## [Given records]
◇ ◇ ◇ ◇ ◇

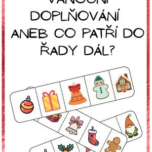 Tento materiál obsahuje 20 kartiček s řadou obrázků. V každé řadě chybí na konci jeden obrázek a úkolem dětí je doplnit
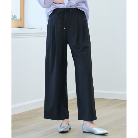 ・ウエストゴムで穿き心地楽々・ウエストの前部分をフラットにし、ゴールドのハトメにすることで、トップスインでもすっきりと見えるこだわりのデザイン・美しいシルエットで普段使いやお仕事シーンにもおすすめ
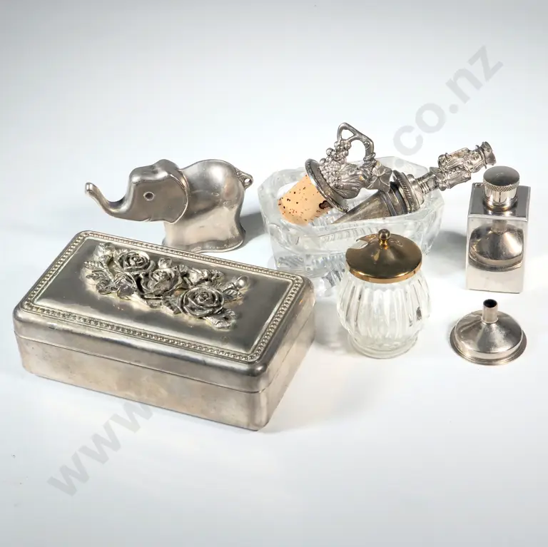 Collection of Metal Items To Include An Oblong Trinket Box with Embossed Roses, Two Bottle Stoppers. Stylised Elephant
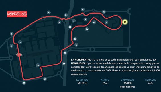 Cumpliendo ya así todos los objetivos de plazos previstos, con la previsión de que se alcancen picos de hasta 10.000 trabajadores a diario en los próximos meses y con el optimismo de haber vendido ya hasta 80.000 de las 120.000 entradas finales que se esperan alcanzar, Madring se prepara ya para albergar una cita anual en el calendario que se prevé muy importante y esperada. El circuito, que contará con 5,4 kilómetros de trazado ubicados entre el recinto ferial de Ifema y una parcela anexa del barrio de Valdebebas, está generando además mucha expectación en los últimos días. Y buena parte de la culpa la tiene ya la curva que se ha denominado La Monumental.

◇ ◇ ◇ ◇ ◇

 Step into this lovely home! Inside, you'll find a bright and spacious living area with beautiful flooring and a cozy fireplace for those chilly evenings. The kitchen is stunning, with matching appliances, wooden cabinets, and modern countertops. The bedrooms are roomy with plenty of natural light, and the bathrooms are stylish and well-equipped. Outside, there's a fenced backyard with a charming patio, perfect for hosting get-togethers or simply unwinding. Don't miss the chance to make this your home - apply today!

◇ ◇ ◇ ◇ ◇

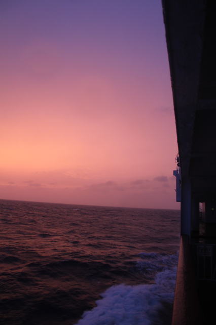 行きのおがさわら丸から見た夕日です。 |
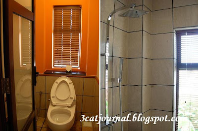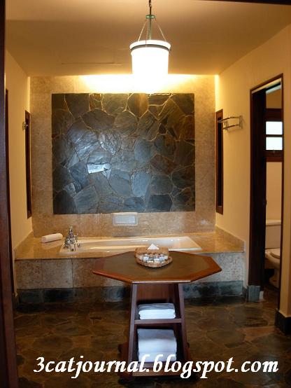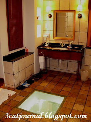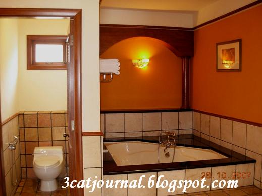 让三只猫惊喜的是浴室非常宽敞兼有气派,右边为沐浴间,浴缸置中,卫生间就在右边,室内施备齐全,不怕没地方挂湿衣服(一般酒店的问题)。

◇ ◇ ◇ ◇ ◇

## [What you have to do]
In the records above, find the line containing "行きのおがさわら丸から見た夕日です。 |" and the line containing "让三只猫惊喜的是浴室非常宽敞", then give both of them again word for word along with every line between. Omit any pictures.

## [Answer to this task]
 行きのおがさわら丸から見た夕日です。 |
 让三只猫惊喜的是浴室非常宽敞兼有气派,右边为沐浴间,浴缸置中,卫生间就在右边,室内施备齐全,不怕没地方挂湿衣服(一般酒店的问题)。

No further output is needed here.